This blog has been pretty dormant for a while as I've been dealing with a lot of upheaval, both at home and at work. But I could not let this news go unacknowledged.
"Andrea Leadsom 'says she is better suited to be Prime Minister because she has children'"
This is nothing new. Women without children have been vilified for centuries, burnt at stakes and accused of being less than women. Last summer, at a staff picnic, I overheard a colleague stating that it was impossible to experience true love if one wasn't a mother. About that time, I wrote this poem. I'm no creative mind, and it's probably just more of that dark emo stuff I wrote as a teenager, but I'm publishing it for the first time.
Anyone who thinks I don't know true love has never seen my family and the love that is given freely in abundance. Nor have they spent a moment in my classroom.
Although I am not your mother
Although I am not your mother, I have birthed every one of you.
For years I have incubated you in my room.
My womb.
Like a foetus, you were magnificent parasites –
Taking what you needed from me in order to thrive.
Not O2 or C6H12O6, or even Ca2+, but knowledge and passion.
And I have willingly offered up more of me as the caecilian lets her hatchlings tear chunks of her skin off.

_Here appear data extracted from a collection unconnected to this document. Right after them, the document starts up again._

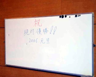 レスリング場のホワイトボードには2006年の決意が書き込まれていた。
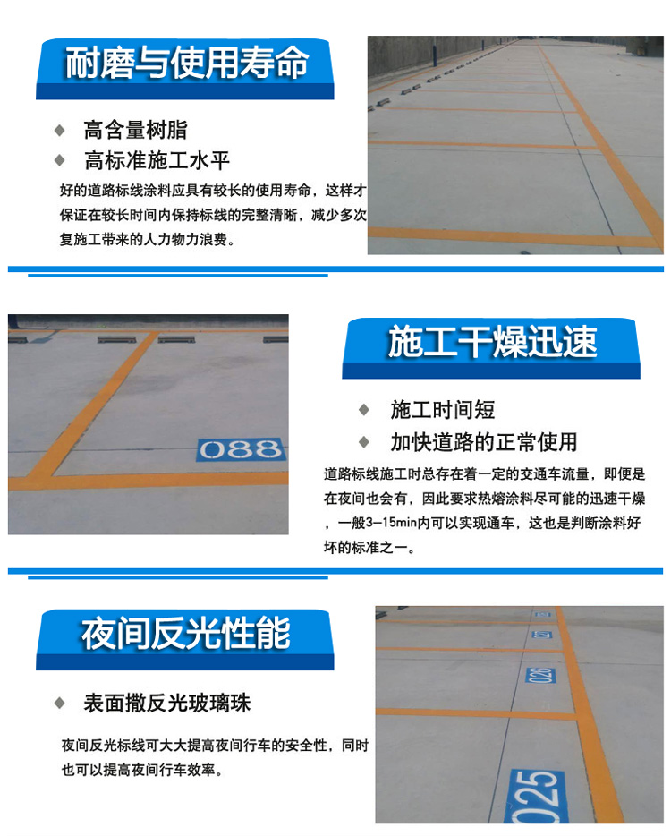 • 熱熔反光涂料是目前應(yīng)用最為廣泛的路用涂料之一,它是一種固體粉末型涂料,在高溫熔融狀態(tài)下使用專用的設(shè)備涂布在路面上。產(chǎn)品具有施工簡易、粘接力強、耐磨性好、抗污性強、色澤亮麗、耐老化性優(yōu)異等優(yōu)點,并且具有良好的抗壓及抗沖擊強度,耐開裂性優(yōu)異,適合于各類路面使用。
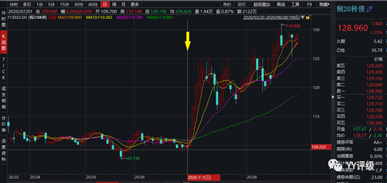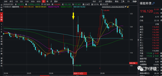 案例:2020年三季度的這輪股市上漲于7月1日加速啟動,上證綜指放量上漲突破3000點,銀行、保險等板塊估值修復(fù),蘇銀、浦發(fā)、光大等銀行轉(zhuǎn)債走出大陽線,此時若不想追高,又怕錯過行情,則可發(fā)現(xiàn)桐20轉(zhuǎn)債仍在110以下,福能轉(zhuǎn)債仍在106以下,均為優(yōu)質(zhì)標的且在安全價格,7月1日是這兩支轉(zhuǎn)債的極佳買點(當(dāng)然,7月1日對很多轉(zhuǎn)債都是好買點,但是經(jīng)歷了5月、6月的慘淡之后,轉(zhuǎn)債投資者的風(fēng)險偏好普遍較低,此時買入基本面好,價格又安全的標的是更現(xiàn)實的選擇)。

Although I am not your mother (I never carried your bodies inside me for nine months), I continue to bear the burden of your hopes for the future.
When you cry, big howling sobs of despair, it is the call of the bear cub, and my instinct is to run to you, protect you, fight to the death to ensure your survival.

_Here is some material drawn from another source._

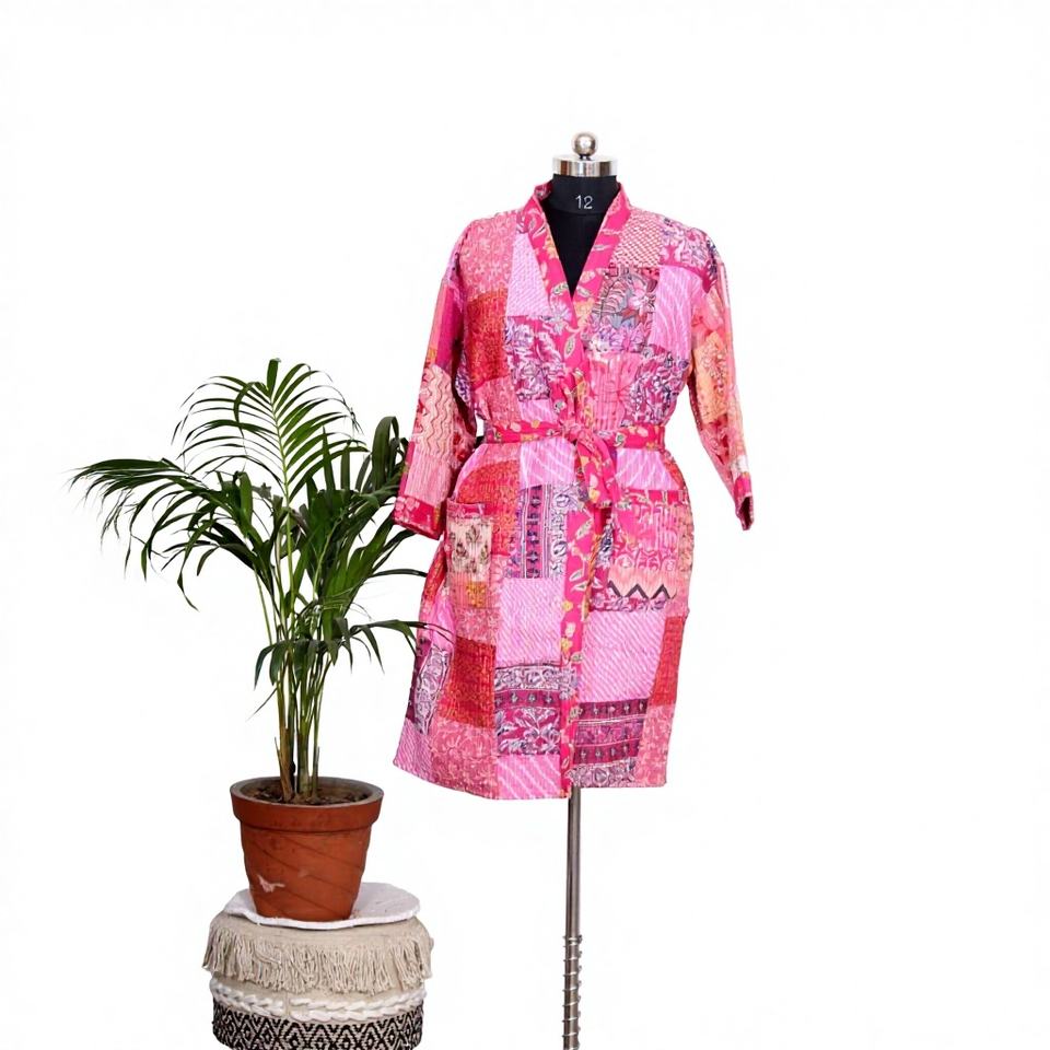 Multicolor Silk Patchwork Handmade Kantha kimono Unique Kantha Robe for Winter Indian Patchwork Kimono Jacket at Factory Price

I want to shelter you under my wings, or keep you in a safe place where predators cannot seek you out and torment you.
I want to take your poor shattered hearts and spirits, broken by people, places and pathogens –
Sew them back together using my anatomy books.
Although I am not your mother, birthday cards and memories of carrot cake say otherwise.

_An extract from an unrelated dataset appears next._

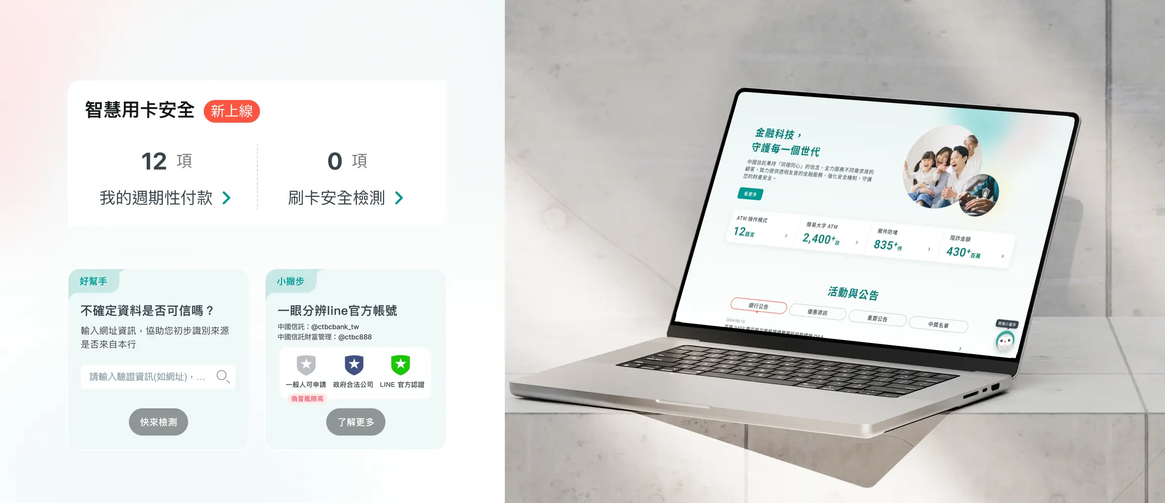 隨著用戶金融行為日趨多元,中國信託積極推動數位轉型,期望以一致、具識別度的品牌體驗,讓服務更融入用戶日常。然而,現行平台在視覺語言與使用引導上仍有挑戰:官網與 App 的品牌延伸不足,產品版型單一不利於推廣, Line 官方帳號定位模糊、流量轉換受限。為此,中信攜手果思,針對官網、App、Line 三大平台重構品牌風格、調整引導設計,提升整體服務架構的一致性。期待打造更聚焦、更具流動感的數位體驗。
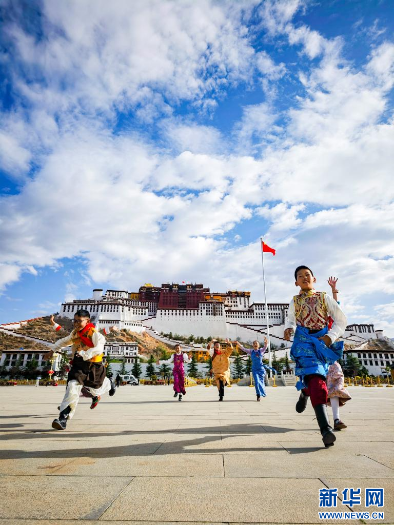 6月1日,小朋友們在布達拉宮廣場歡慶“六一”國際兒童節。新華網 旦增努布 攝

I feel your pain as my own, and revel in your joy.
I am so proud of you all;
I'm your biggest fan.
I talk excitedly about your successes to anyone who will listen.
Although I am not your mother and my DNA will die with me, I pass on much more.
You do not have my mitochondria, but you have my energy.
And energy can never be destroyed.
What say you, Andrea Leadsom? Do I have a stake in the future?